Re: [PATCH] xfs: fix possible assert failed in xfs_fs_put_super() when do cpu offline
From: Darrick J. Wong
Date: Tue Mar 14 2023 - 23:06:49 EST
[add lfsdevel to cc to spread the, um, love]
TLDR: percpu_counter_sum doesn't add in the values from CPUs in the
dying mask. As a result, the summation can race with cpu hotunplug
and return the wrong values.
On Wed, Mar 15, 2023 at 09:13:05AM +1100, Dave Chinner wrote:
> On Tue, Mar 14, 2023 at 09:31:00AM -0700, Darrick J. Wong wrote:
> > On Tue, Mar 14, 2023 at 05:06:49PM +0800, Ye Bin wrote:
> > > From: Ye Bin <yebin10@xxxxxxxxxx>
> > >
> > > There's a issue when do cpu offline test:
> > > CPU: 48 PID: 1168152 Comm: umount Kdump: loaded Tainted: G L
> > > pstate: 60000005 (nZCv daif -PAN -UAO -TCO BTYPE=--)

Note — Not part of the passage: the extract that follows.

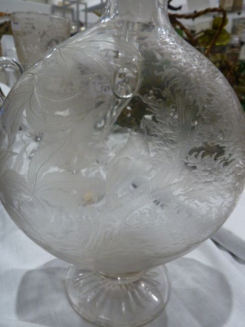 19th century engraved glass claret jug and a stopper and assorted 19th/20th century etched wine-glasses, the jug engraved with a bird perched on a tree amongst leaves, a large wine glass engraved with cartouches of thistles and flowers and a Stevens & Williams etched two-handled mug with a huntsman, named and dated 1905, together with assorted drinking glasses Condition ReportThe large etched goblet with thistles, crack through foot. 21cm highThe 1905 hunting mug with two handles, with sharp edge to one handle terminal, possibly occurring during the manufacture. 14.6cm high.Claret jug and stopper - cracked across shoulder. chipped to stopper. 27.5cm highEtched carafe - in good order, requires cleaning, 21.5cm highA St Louis style glass cracked, repaired and regilt to the rim Remaining glasses (please see images) are in good order with some minor wear.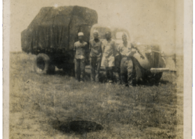 Moi, je m’occupais de l’entretien, des réparations et je suis même arrivé Tripoli fin décembre 42, avec un camion supplémentaire. J’ai dépanné en dernière extrémité, un camion venant d’une autre section avec deux survivants sur cinq, dont Paul Theetten, d’Armentières. Les autres se trouvaient encore dans le camion, décédés, ils n’avaient pas survécu au manque d’eau. Plus tard j’ai revu régulièrement Paul dans le Nord. Son père était marchand de charbon à Armentières. II était l’ami de Joseph Frys et fut délégué à L’Union Française, puis devint député d’Armentières.

> > > pc : assfail+0x8c/0xb4
> > > lr : assfail+0x38/0xb4
> > > sp : ffffa00033ce7c40
> > > x29: ffffa00033ce7c40 x28: ffffa00014794f30
> > > x27: ffffa00014f6ca20 x26: 1fffe0120b2e2030
> > > x25: ffff009059710188 x24: ffff00886c0a4650
> > > x23: 1fffe0110d8148ca x22: ffff009059710180
> > > x21: ffffa00015155680 x20: ffff00886c0a4000
> > > x19: 0000000000000001 x18: 0000000000000000
> > > x17: 0000000000000000 x16: 0000000000000000
> > > x15: 0000000000000007 x14: 1fffe00304cef265
> > > x13: ffff00182642b200 x12: ffff8012d37757bf
> > > x11: 1fffe012d37757be x10: ffff8012d37757be
> > > x9 : ffffa00010603a0c x8 : 0000000041b58ab3
> > > x7 : ffff94000679cf44 x6 : 00000000ffffffc0
> > > x5 : 0000000000000021 x4 : 00000000ffffffca
> > > x3 : 1ffff40002a27ee1 x2 : 0000000000000004
> > > x1 : 0000000000000000 x0 : ffffa0001513f000
> > > Call trace:
> > > assfail+0x8c/0xb4
> > > xfs_destroy_percpu_counters+0x98/0xa4
> > > xfs_fs_put_super+0x1a0/0x2a4
> > > generic_shutdown_super+0x104/0x2c0
> > > kill_block_super+0x8c/0xf4
> > > deactivate_locked_super+0xa4/0x164
> > > deactivate_super+0xb0/0xdc
> > > cleanup_mnt+0x29c/0x3ec
> > > __cleanup_mnt+0x1c/0x30
> > > task_work_run+0xe0/0x200
> > > do_notify_resume+0x244/0x320
> > > work_pending+0xc/0xa0
> > >
> > > We analyzed the data in vmcore is correct. But triggered above issue.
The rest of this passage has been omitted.